↓↓↓

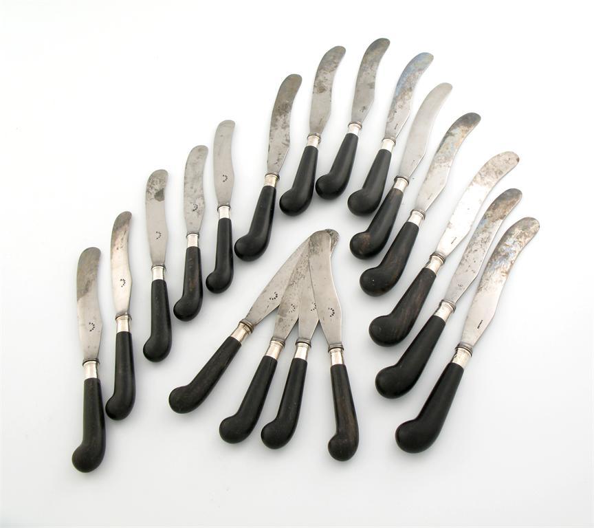 A set of nine ebony handled table knives and nine dessert knives
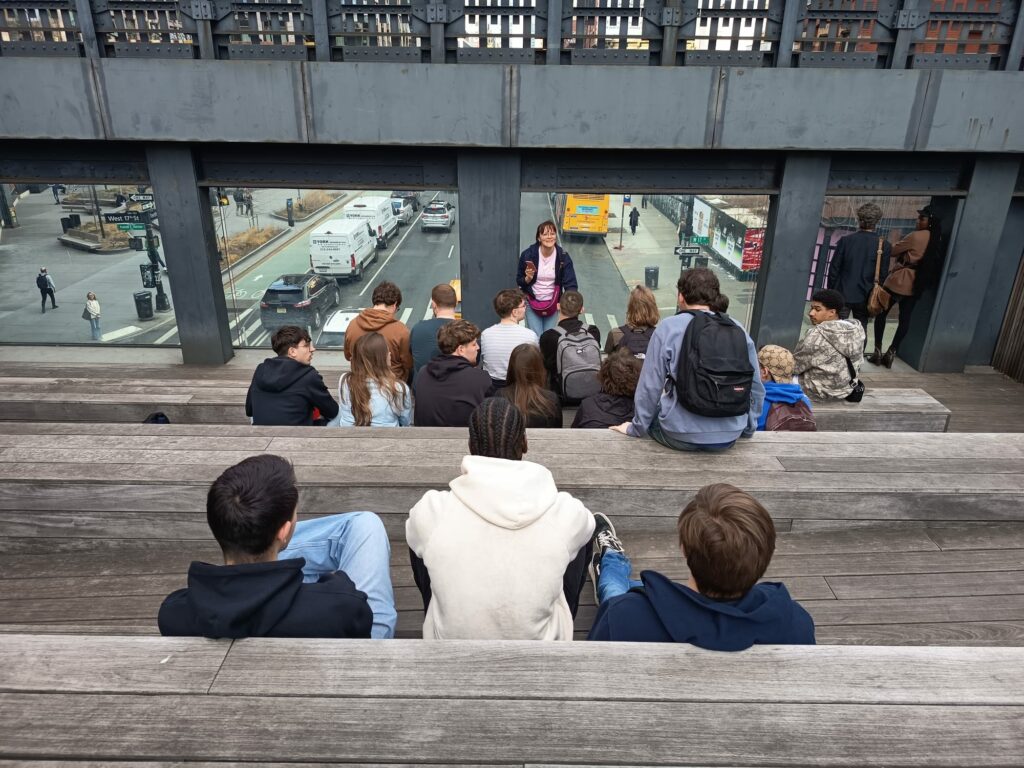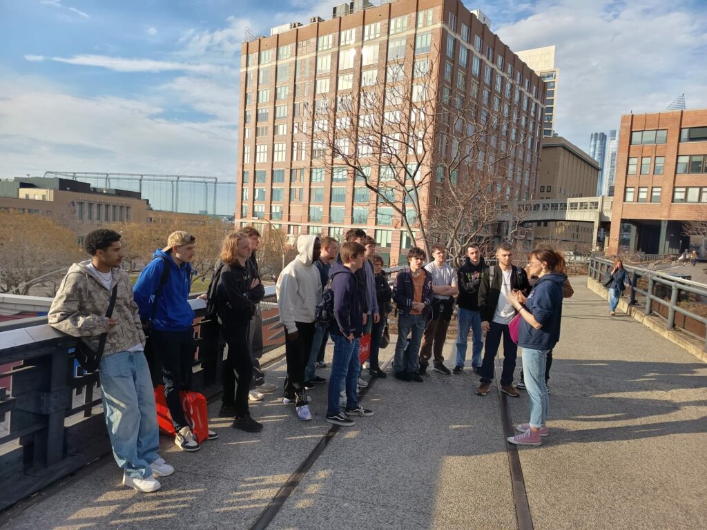 Des cours d’histoire et de civilisation anglaises ont été donnés dans les différents points d’intérêt touristiques et historiques (Little Italy, Chinatown, Rockefeller center, New York Library, quartier de Wall Street et de la Réserve fédérale, Ellis Island, la Grand central Station, etc.). Des activités culturelles très variées ont été pratiquées : des visites diurnes et nocturnes de l’Empire State Building, un match de NBA à Brooklyn, une promenade (et une séance de running !) à Central Park, une balade sur le pont de Brooklyn, une visite poignante du mémorial du 11 septembre, une visite guidée de Microsoft et une expérimentation des nouveaux produits dans les domaines de l’informatique et des jeux vidéo, une découverte du Muséum d’histoire naturelle, une exploration des œuvres de street art dans le quartier de Brooklyn, des visites de jour et de nuit de la 5ème avenue et de Times Square, une immersion parmi les œuvres d’art contemporain du musée Guggenheim, une déambulation commentée sur la high line, etc.
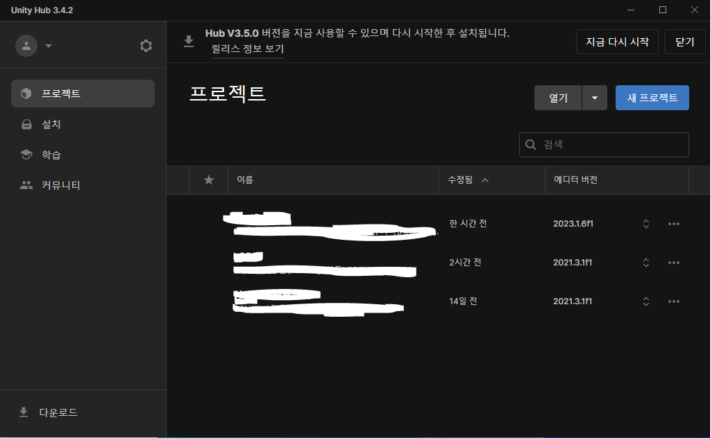 설치가 다 되셨다면 유니티를 시작할 준비가 끝났습니다. 다시 프로젝트로 돌아옵시다.
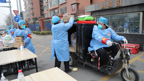 北京朝陽園小區(qū):一線防疫人員當(dāng)臨時(shí)"騎手" 保障居民生活
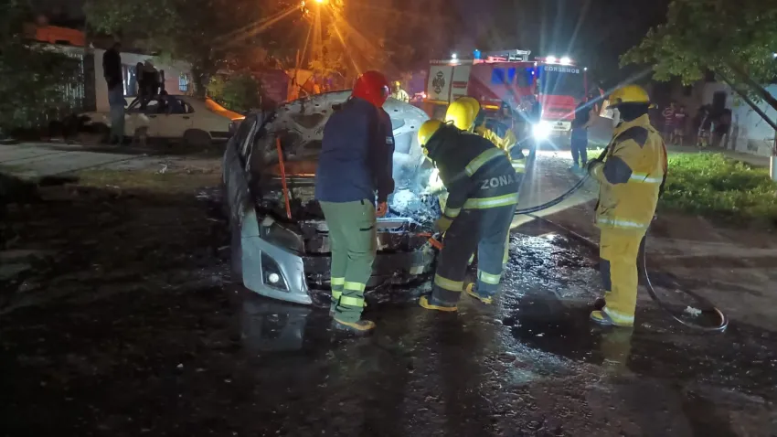 Arribaron al lugar bomberos de la Policía, quienes sofocaron el foco ígneo. Además, establecieron que se trataba de un automóvil Chevrolet Cruce.
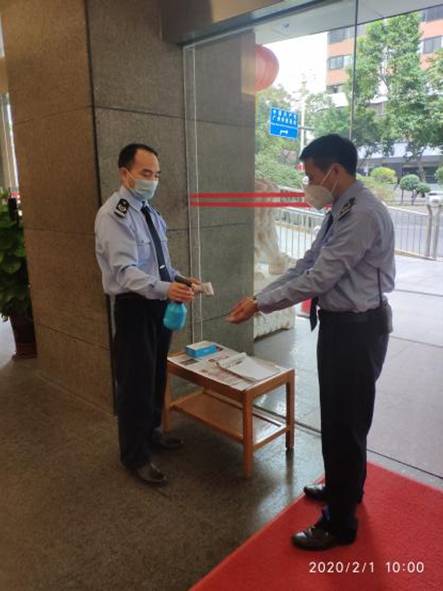 三是实干防控。在春节放假前抓紧采购口罩、测温仪、酒精等防控物资,并向员工发放口罩。春节假期,一线的值班领导、值班干部以及门岗等积极应对防控工作,对管理的广德大厦定时进行消毒,登记每名来访人员并测量体温、手部消毒。同时制定方案,筹备复工后疫情防控工作,并对大厦保洁、厨房、维修、保安等人员均作了防疫工作安排。
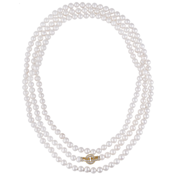 Изготовлено из ювелирного сплава на основе латуни с гальваническим покрытием золотом. Колье выполнено из натурального белого жемчуга высшего качества диаметром 8-9мм и украшено декоративным замком из фианитов белого цвета. Длина 200см.

↑↑↑

■ WHAT YOU HAVE TO DO:
Of the lines above, copy only those from the one holding "Arribaron al lugar" to the one holding "三是实干防控。在春节放假前抓", both included, and exclude every image.

■ REPLY TO THE TASK:
 Arribaron al lugar bomberos de la Policía, quienes sofocaron el foco ígneo. Además, establecieron que se trataba de un automóvil Chevrolet Cruce.
 三是实干防控。在春节放假前抓紧采购口罩、测温仪、酒精等防控物资,并向员工发放口罩。春节假期,一线的值班领导、值班干部以及门岗等积极应对防控工作,对管理的广德大厦定时进行消毒,登记每名来访人员并测量体温、手部消毒。同时制定方案,筹备复工后疫情防控工作,并对大厦保洁、厨房、维修、保安等人员均作了防疫工作安排。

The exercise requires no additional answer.